BEGIN

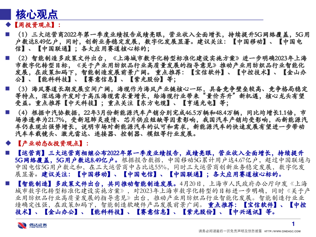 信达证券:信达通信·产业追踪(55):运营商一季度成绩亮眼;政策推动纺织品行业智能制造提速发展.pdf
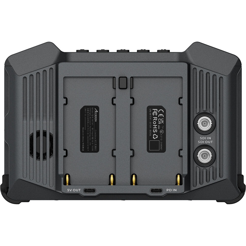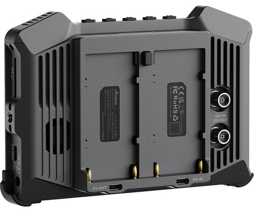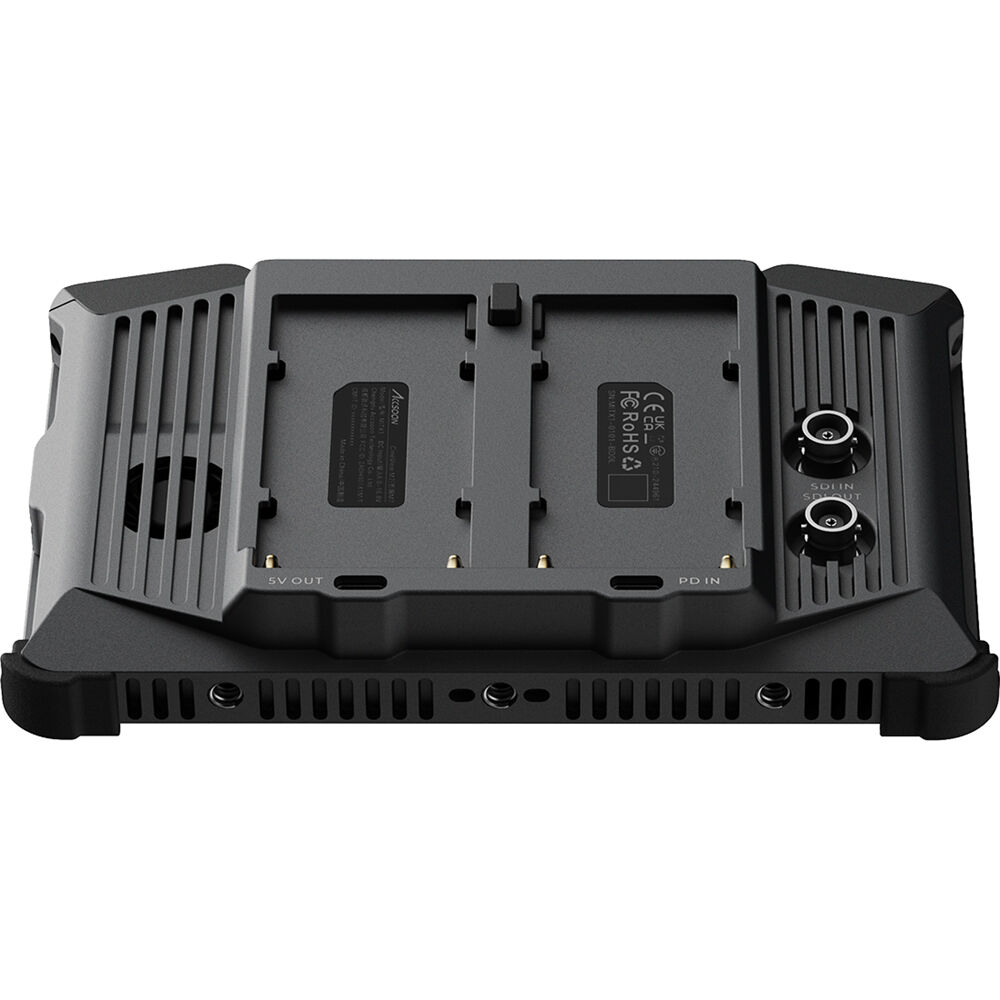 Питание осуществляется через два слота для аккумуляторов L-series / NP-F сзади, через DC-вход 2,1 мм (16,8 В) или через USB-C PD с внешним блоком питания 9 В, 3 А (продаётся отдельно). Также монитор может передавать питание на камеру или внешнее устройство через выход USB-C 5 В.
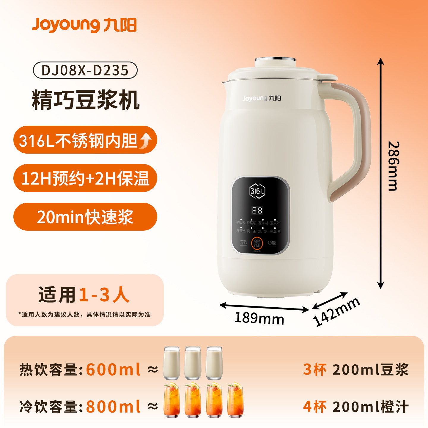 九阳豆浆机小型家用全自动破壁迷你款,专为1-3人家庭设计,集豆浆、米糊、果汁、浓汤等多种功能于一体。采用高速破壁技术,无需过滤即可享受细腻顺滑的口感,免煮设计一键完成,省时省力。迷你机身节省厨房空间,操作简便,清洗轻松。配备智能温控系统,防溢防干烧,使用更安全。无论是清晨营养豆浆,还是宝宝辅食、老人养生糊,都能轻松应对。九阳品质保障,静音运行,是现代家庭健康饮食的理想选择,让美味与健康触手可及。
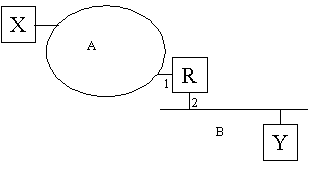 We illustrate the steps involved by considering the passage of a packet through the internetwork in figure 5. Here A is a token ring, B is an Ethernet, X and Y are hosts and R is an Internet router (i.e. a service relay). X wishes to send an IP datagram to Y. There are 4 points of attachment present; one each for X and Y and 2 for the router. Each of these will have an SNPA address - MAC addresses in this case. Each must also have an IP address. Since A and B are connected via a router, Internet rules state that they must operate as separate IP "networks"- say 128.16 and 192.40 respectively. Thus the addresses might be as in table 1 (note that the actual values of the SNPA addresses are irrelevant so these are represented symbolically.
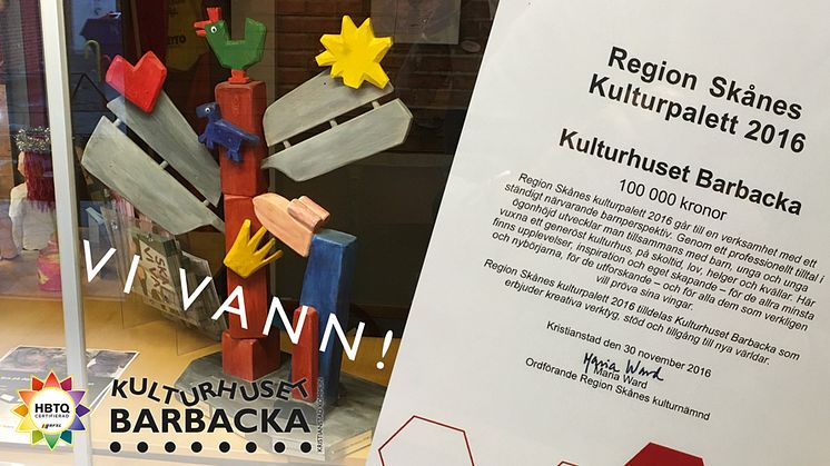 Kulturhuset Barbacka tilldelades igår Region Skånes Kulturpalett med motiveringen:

END

Task description:
Print the records above exactly as they stand, but leave out the pictures.

Exercise answer:
 信达证券:信达通信·产业追踪(55):运营商一季度成绩亮眼;政策推动纺织品行业智能制造提速发展.pdf
 Питание осуществляется через два слота для аккумуляторов L-series / NP-F сзади, через DC-вход 2,1 мм (16,8 В) или через USB-C PD с внешним блоком питания 9 В, 3 А (продаётся отдельно). Также монитор может передавать питание на камеру или внешнее устройство через выход USB-C 5 В.
 九阳豆浆机小型家用全自动破壁迷你款,专为1-3人家庭设计,集豆浆、米糊、果汁、浓汤等多种功能于一体。采用高速破壁技术,无需过滤即可享受细腻顺滑的口感,免煮设计一键完成,省时省力。迷你机身节省厨房空间,操作简便,清洗轻松。配备智能温控系统,防溢防干烧,使用更安全。无论是清晨营养豆浆,还是宝宝辅食、老人养生糊,都能轻松应对。九阳品质保障,静音运行,是现代家庭健康饮食的理想选择,让美味与健康触手可及。
 We illustrate the steps involved by considering the passage of a packet through the internetwork in figure 5. Here A is a token ring, B is an Ethernet, X and Y are hosts and R is an Internet router (i.e. a service relay). X wishes to send an IP datagram to Y. There are 4 points of attachment present; one each for X and Y and 2 for the router. Each of these will have an SNPA address - MAC addresses in this case. Each must also have an IP address. Since A and B are connected via a router, Internet rules state that they must operate as separate IP "networks"- say 128.16 and 192.40 respectively. Thus the addresses might be as in table 1 (note that the actual values of the SNPA addresses are irrelevant so these are represented symbolically.
 Kulturhuset Barbacka tilldelades igår Region Skånes Kulturpalett med motiveringen:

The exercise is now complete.